Wednesday 22 May 2013

You're Procurement, get me out of here

If only procurement professionals had the escapology skills of Harry Houdini. Day by day I see bad contracts entered into and hear the mantra "you're commercial, get me out of here".

Why does it all go so wrong with people entering into contracts they no longer can/want to live with.

To me, it starts to go wrong when procurement people are not engaged early enough in the market dialogue. Technical specialists are problem focussed and want to speak to techies who can talk their language and give them what they want.

Naivety and gullibility play a part. Firms which exist to make a profit and sellers incentivised to make a sale find it easy to smile, say yes, and shape the dialogue to reflect their unique selling proposition. The movement of negotiating power from the buyer to the seller is palpable.

Failure to consider alternative options doesn't help - but why on earth would a techie want to consider alternative options, there's is to get a problem solved. Not taking a wider perspective and seeing the transference of costs to elsewhere within the same system blinkers the cost/benefit analysis.

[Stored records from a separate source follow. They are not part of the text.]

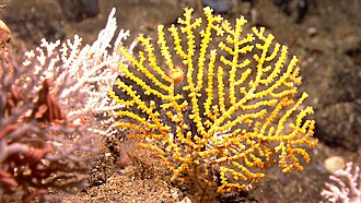 Corals are in the phylum Cnidaria (the C is silent - nigh dare ia). Some forms of Cnidaria are mobile and swim around like jellyfish, other types are sessile which means they are anchored to the substrate and do not move around. These are the corals that build coral reefs.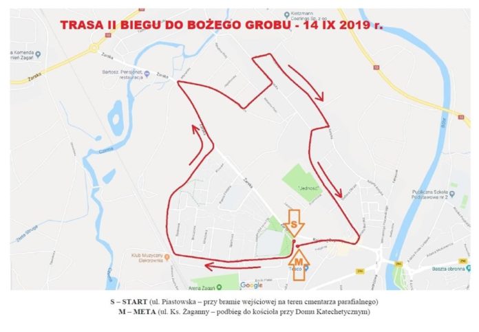 W związku z II Biegiem do Bożego Grobu informujemy o utrudnieniach, które w rejonie parafii Nawiedzenia Najświętszej Marii Panny w Żaganiu wystąpią w sobotę 14 września. Zamknięcie trasy biegu nastąpi o godzinie 11.00. Po rozpoczęciu biegu o godzinie 11.44 ulice będą otwierane dla ruchu. Całkowite zakończenie utrudnień w tym rejonie przewidywane jest na godzinę 13.00. Start biegu nastąpi z ulicy Piastowskiej, przy kościele „Na Górce”. Uczestnicy pokonają dystans 4444 metrów.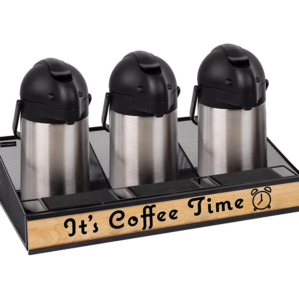 Look no further than this stylish and practical coffee station! The front of the station proudly displays the sign “It’s Coffee Time,” reminding everyone that their caffeine fix is just a few steps away.This coffee station features ample space for up to three standard-sized coffee airpots or carafes (not included), ensuring that there’s enough coffee to go around. The 6-inch height in the back provides stability for the carafes while they’re being used, so you don’t have to worry about any spills or messes.In addition to its functionality, this coffee station is also designed to keep your kitchen countertop clean and tidy. The front of the organizer includes a convenient ledge to hold coffee cups as they’re being filled, with an absorbent lip to catch any drips from the coffee or carafe.Say goodbye to assembly headaches with this no-assembly-required organizer. With its sleek design and durable construction, this coffee station is perfect for daily use and can be easily cleaned with a soft cloth and soapy water. It measures 24 inches long and is a great addition to any home kitchen, office break room, or bed and breakfast.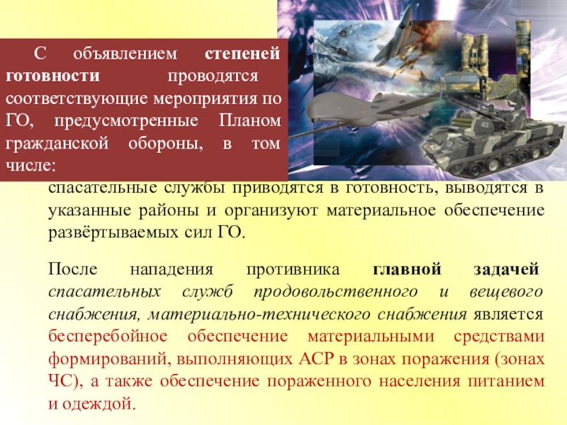 а) на заблаговременном накоплении запасов средств защиты, специальной техники, приборов и другого имущества, необходимого для бесперебойного обеспечения формирований и населения;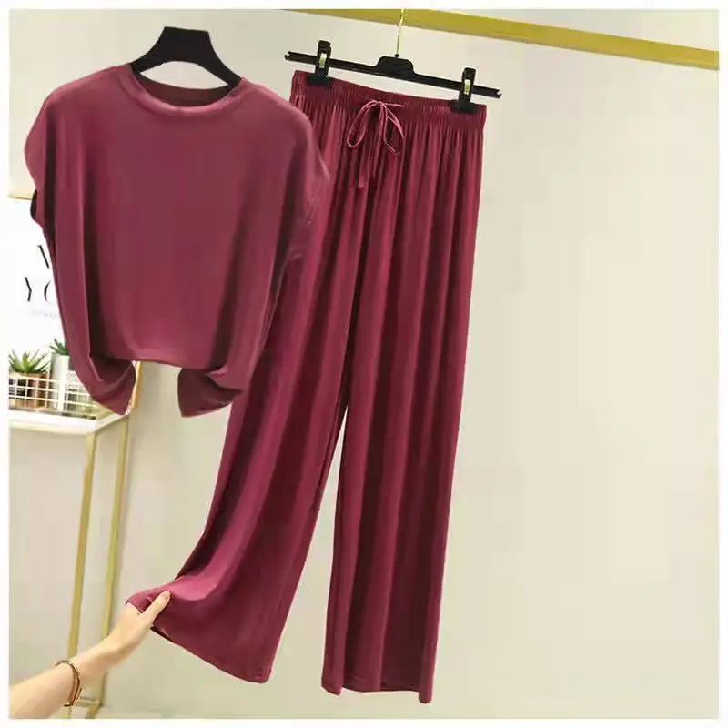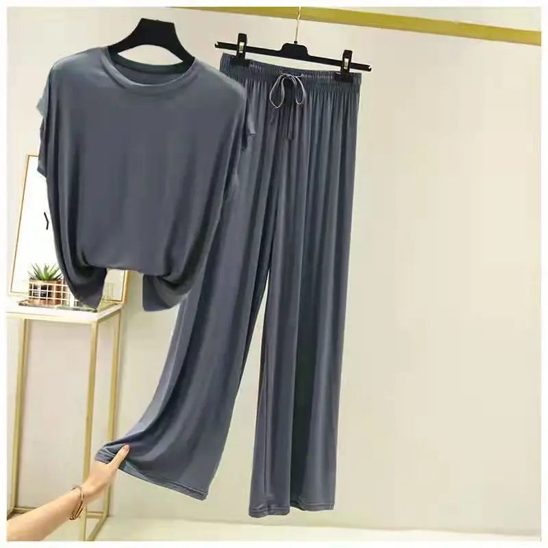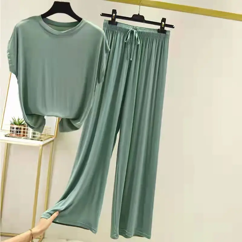 Modal Loose Homewear set O-neck Tshirts short sleeves and Wide leg pants Casual streetwear suit all match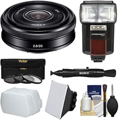Sony Alpha E Mount 20mm F 2 8 Wide Angle Pancake Lens With Flash Soft Box Diffuser 3 Filters Kit For A7 A7r A7s Mark Ii A5100 A6000 A6300

Pride and face saving make it hard to back track and say, "sorry, that's not a good deal for us".

A sense of urgency doesn't help. The requirement is urgent, so there is reduced time to take corrective action.

All this seem familiar? It certainly appears to be demonstrated through the negotiation of GP contracts in 2004, and the recognition that costs have only been transferred to A&E. It also looks as if we're going the same way with Clinical Commissioning Groups - yes, we think the GP contracts were wrong yet are we making the same mistakes? It also looks as if some high level 'staff exit' packages aren't immune.

Yes, maybe we should ask a procurement person to get us out of here - more often than not that cry is heard too late when what should have been heard, right at the start, was, "I'm going into the jungle, can a procurement person get in here with me, now?"